Purdue Professor Eric Nauman is the co-founder, along with Cushman, of Ifbattery — a company exploring the commercial applications of their research. He highlighted the “tremendous cost” of developing infrastructure to handle the needed distribution and storage of the energy used by traditional electric vehicles. With Cushman and Nauman’s new developments, they may have a solution: “Ifbattery is developing an energy storage system that would enable drivers to fill up their electric or hybrid vehicles with fluid electrolytes to re-energize spent battery fluids much like refueling their gas tanks.”
Using fluid electrolytes to power batteries gives them a much more accessible fuel supply. Furthermore, the spent electrolytic fuel could be collected and recharged at a wind, solar, or hydroelectric power plant. Cushman said:
Instead of refining petroleum, the refiners would reprocess spent electrolytes and instead of dispensing gas, the fueling stations would dispense a water and ethanol or methanol solution as fluid electrolytes to power vehicles.
Users would be able to drop off the spent electrolytes at gas stations, which would then be sent in bulk to solar farms, wind turbine installations or hydroelectric plants for reconstitution or re-charging into the viable electrolyte and reused many times. It is believed that our technology could be nearly ‘drop-in’ ready for most of the underground piping system, rail and truck delivery system, gas stations and refineries.

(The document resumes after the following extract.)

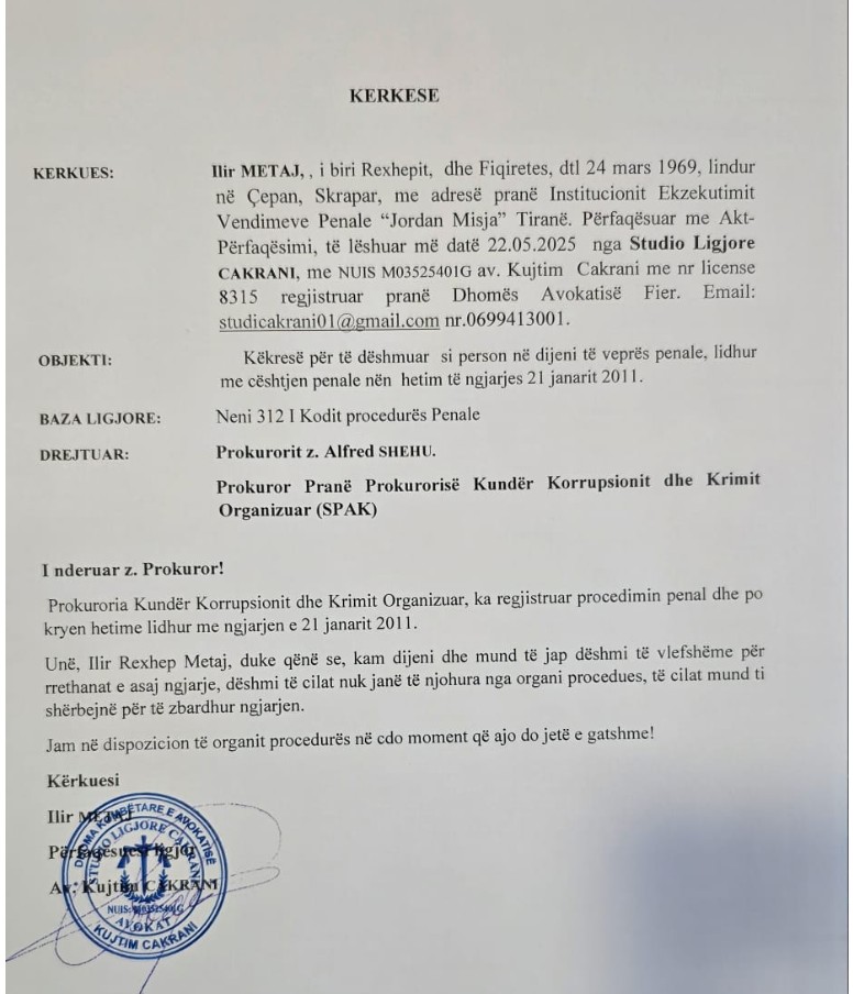 Unë, Ilir Rexhep Metaj, duke qenë se, kam dijeni dhe mund të jap dëshmi të vlefshëme për rrethanat e asaj ngjarje, dëshmi të cilat nuk janë të njohura nga organi procedues, të cilat mund ti shërbejnë për të zbardhur ngjarjen. Jam në dispozicion të organit procedurës në çdo moment që ajo do jetë e gatshme!”, thuhet në kërkesë.

With the potential for clean, efficient, and reusable fuel, both hybrid and electric vehicles could be poised for a leap into mass consumer relevance. Backed up by higher capacity and recharging that is as easy as a stop at the gas station, we may be looking at the first truly pragmatic alternative to fossil-fueled vehicles. All that remains to be seen is whether the cost of implementation is prohibitive. If not, Purdue and Ifbattery may very well force car companies and consumers alike to take notice.